Cytokines such as tumor necrosis factor-alpha (TNF) contribute to cardiac dysfunction in chronic heart failure (CHF). Brain natriuretic peptide (BNP) and atrial natriuretic peptide (ANP) are thought to reflect cardiac functional and structural damage.

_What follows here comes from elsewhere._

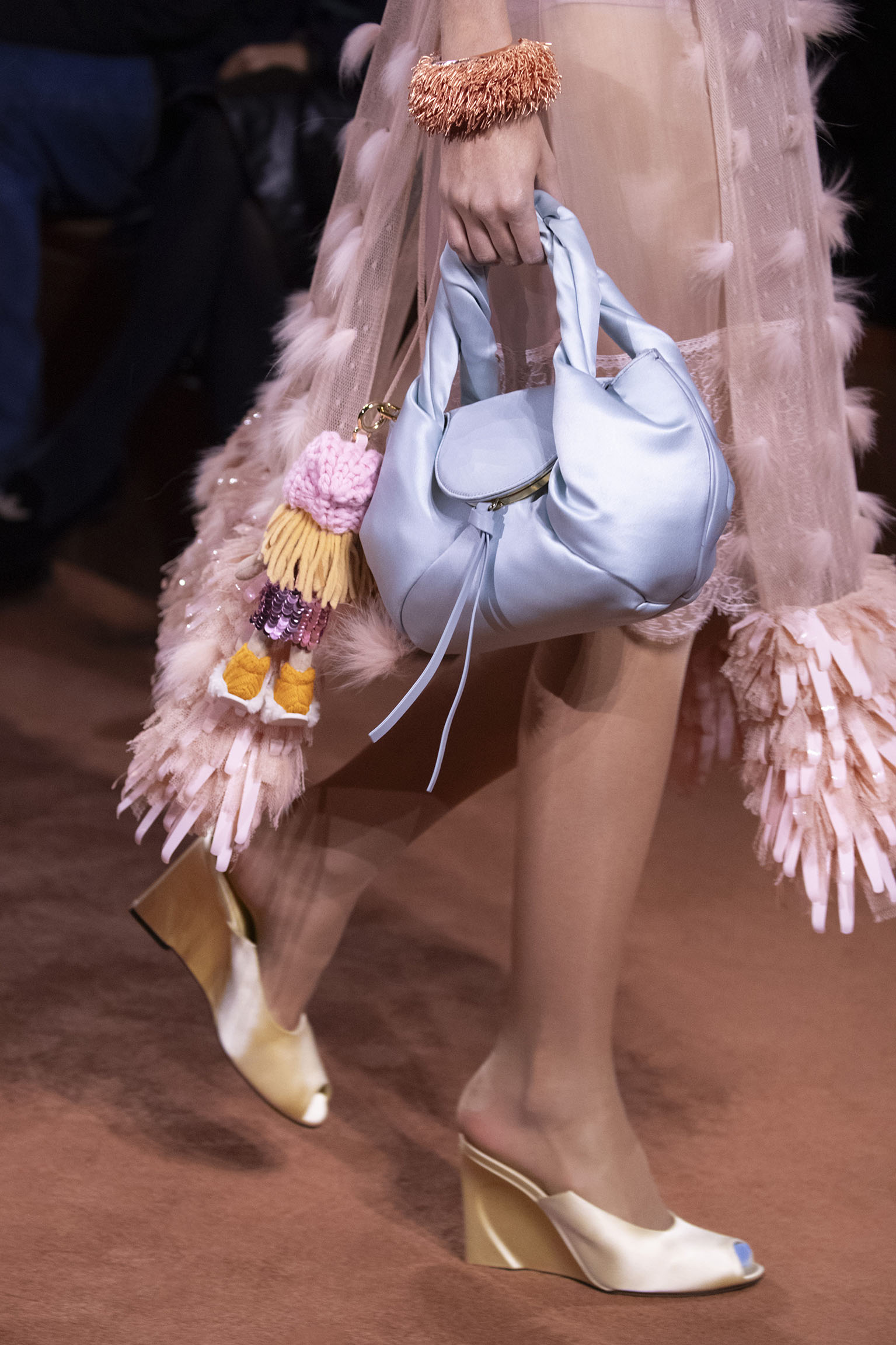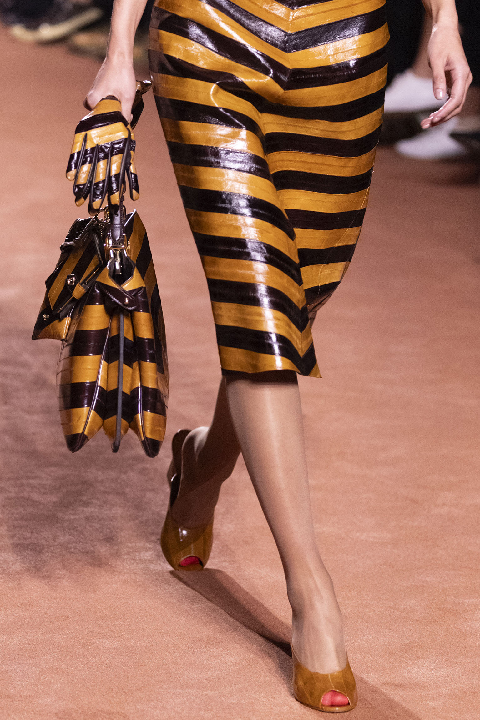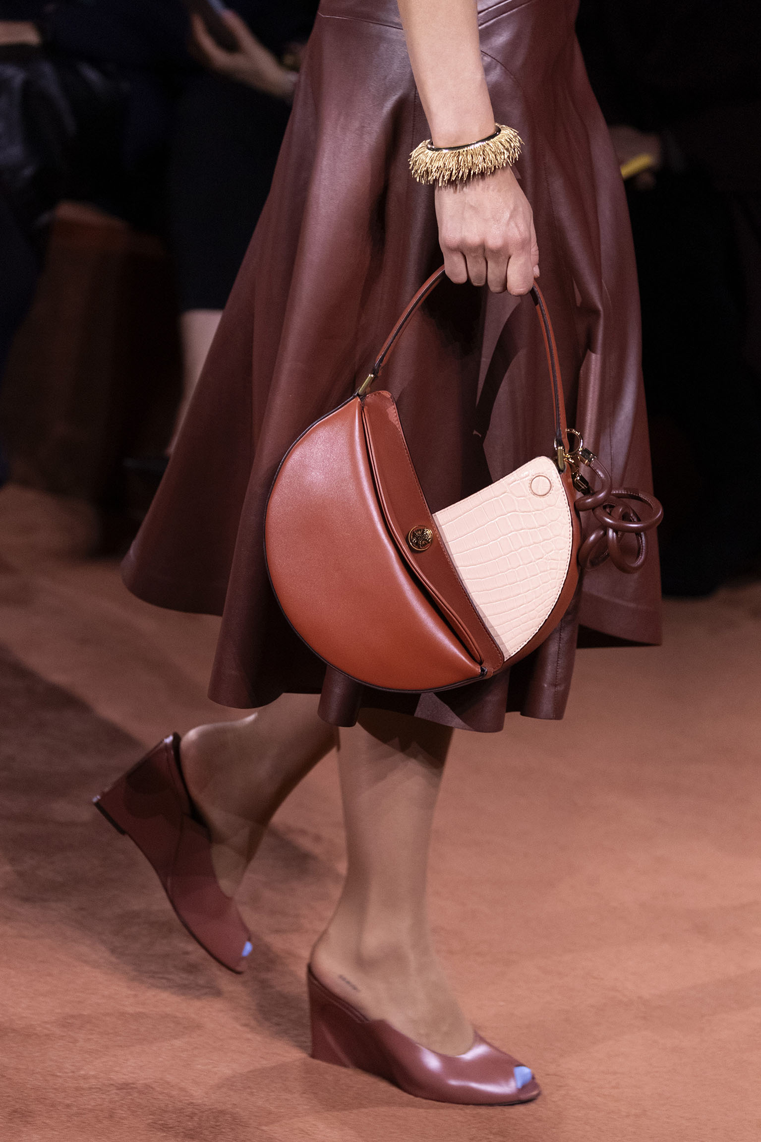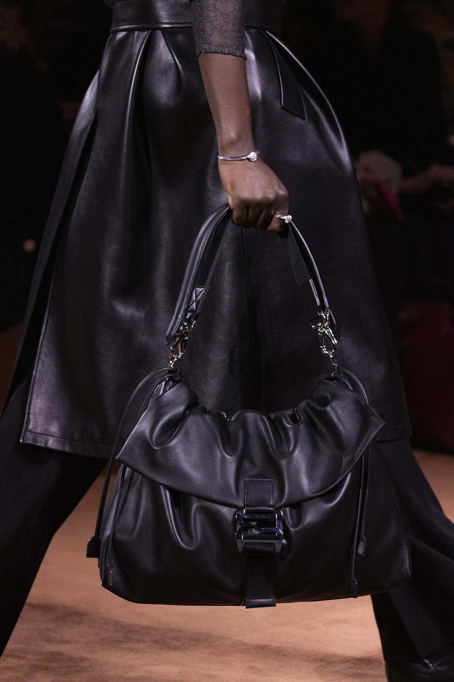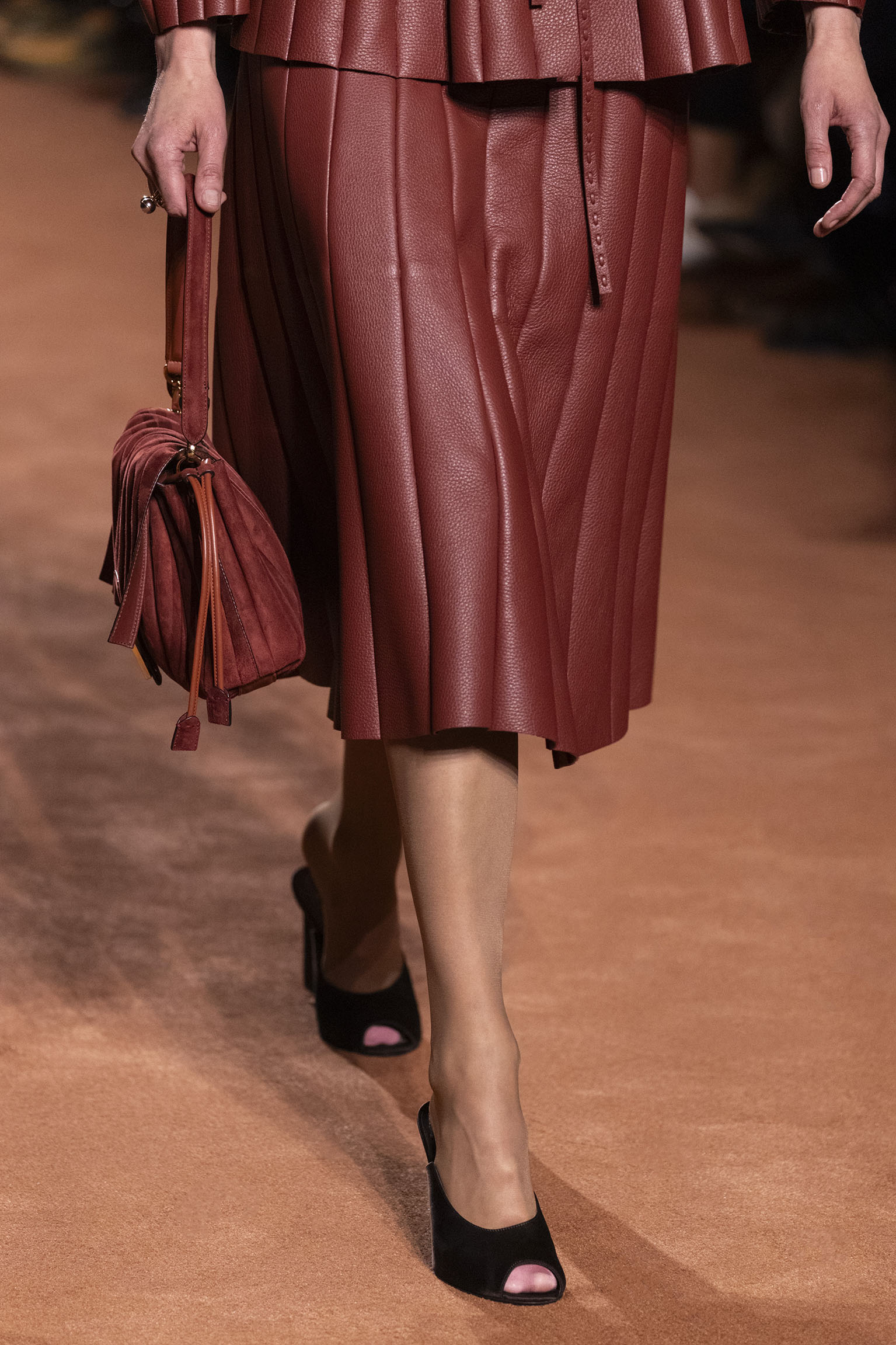 La richesse de la collection Fall/Winter 2025-26 se révèle également à travers l’horizon des accessoires, véritables prolongements du savoir-faire Fendi. Chaque pièce – qu’il s’agisse du Fendi Giano, du Spy Bag ou des modèles iconiques tels que le Peekaboo Soft et le Mamma Baguette – est conçue pour être à la fois fonctionnelle et esthétiquement irrésistible. La diversité des matériaux, allant du cuir travaillé en Selleria à la shearling aux touches métalliques, offre un éventail de possibilités stylistiques qui s’adaptent aux besoins d’un quotidien raffiné et d’occasions exceptionnelles. Ce mariage réussi entre tradition et innovation confère à la Maison une identité forte et singulière, faisant de chaque accessoire un symbole du luxe intemporel.

To study the relationship between BNP, ANP, and TNF, these parameters were measured in fasting venous blood samples of 25 CHF patients (age 66+/-2 years, pVO(2) 17.4+/-2.1 mL/kg/min, NYHA class 2.8+/-0.2, all mean+/-SEM) and 8 healthy controls (age 71+/-2 years). Patients with CHF had higher plasma levels of BNP (p<0.05), ANP (p<0.05), norepinephrine (p<0.01), and echocardiographic left ventricular end-diastolic diameter (LVEDD, p<0.05) compared to controls, whereas TNF and epinephrine were not significantly different. There were significant correlations between natriuretic peptides and markers of inflammation and myocardial dysfunction in CHF patients: BNP vs. TNF (r=0.64, p=0.0006), vs. LVEDD (r=0.59, p=0.0025); ANP vs. TNF (r=0.60, p=0.0016), vs. LVEDD (r=0.65, p=0.0006); TNF vs. LVEDD (r=0.57, p=0.004). After adjustment for NYHA, creatinine clearance, and age TNF correlated with BNP (all p=0.01) and ANP (all p<0.002). The cachectic CHF patients (n=7,>6% weight loss) had the highest BNP (p<0.001 vs. controls, p<0.05 vs. non-cachectic CHF) and ANP levels (p=0.01 vs. controls). Concentrations of uric acid, epinephrine, and norepinephrine also correlated with ANP and BNP.
In CHF, TNF is closely related to BNP and ANP (independently of CHF severity and ventricular dysfunction), particularly in patients with cardiac cachexia. TNF may causally contribute to intrinsic cardiac dysfunction thereby stimulating BNP and ANP secretion.